Removed the name, but that was her DD2
I agree I am upset with the mom who sits by and says nothing about it and when she hears of it poos poos it like it were nothing to be worried of. This women was sexually abused as a child and her oldest DD was as well by a family member already. It is scary situation to me knowing the backround.

I'm a little confused with all the DD's here, so excuse me if I get it wrong but-

First off, it seems your decision is made up, and obviously you wont be bringing your boys over there again. however, as her friend, and witness to the behavior, I don't think it would be a bad idea to sit down with her, tel her what you saw and what you were told happened- it sounds like the DD and neighbor boy were doing more than just kissing games, and they tried to take off your son's pants, tried to pressure him into sexual activity, and told him it would make him grown up.

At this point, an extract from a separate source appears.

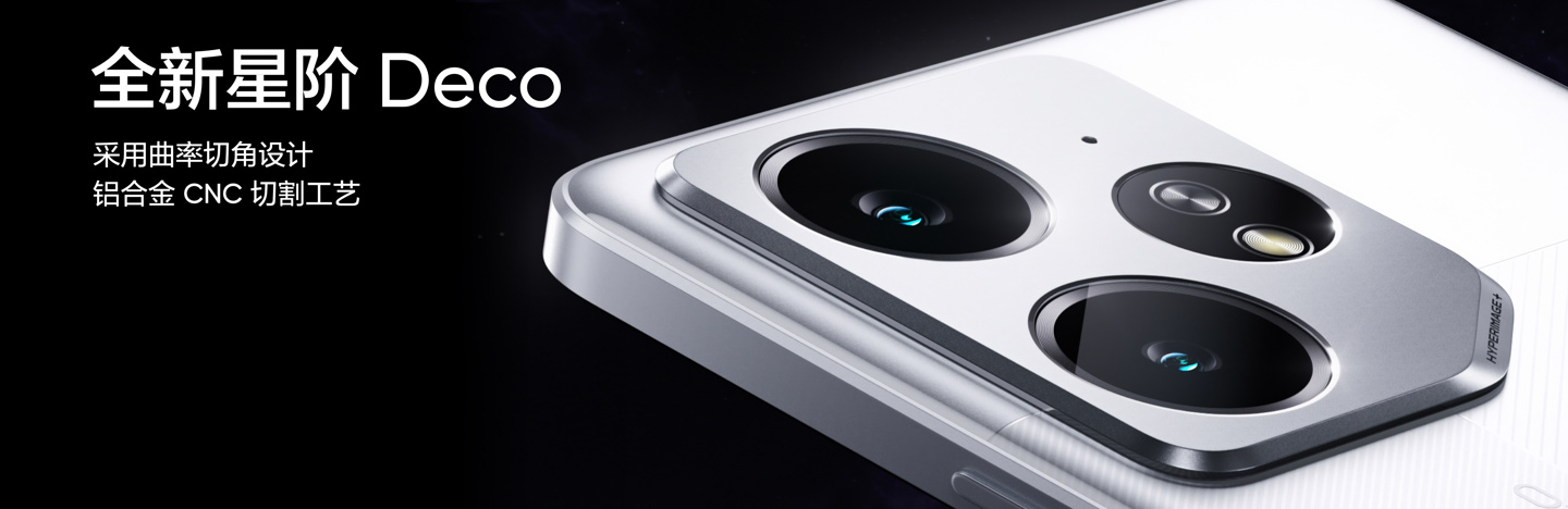 realme 真我 Neo7 手机配备金属星阶 Deco,辅以旗舰级精密加工工艺;采用“战神支点”设计,宣称横握竖握都一样舒适。手机背板使用微雕精刻铭纹,辅以光刻闪银工艺,提供陨石黑、潜航、星舰版三种配色。

Given the history of sexual abuse in the family, could you gently suggest that maybe the daughters could benefit from counseling to help them figure out these issues? Even if they had counseling already, sometimes kids need to do some more when they enter a new stage of development. I don't know the mother, so I'm not sure if thats they type of conversation she would react well to or not. It is possible that its normal sexual exploration, but your description makes it seem more than that. And even if nothings going on sexually, it sounds like the kids could use some counseling anyway.


----------



## Sweetiemommy (Jul 19, 2005)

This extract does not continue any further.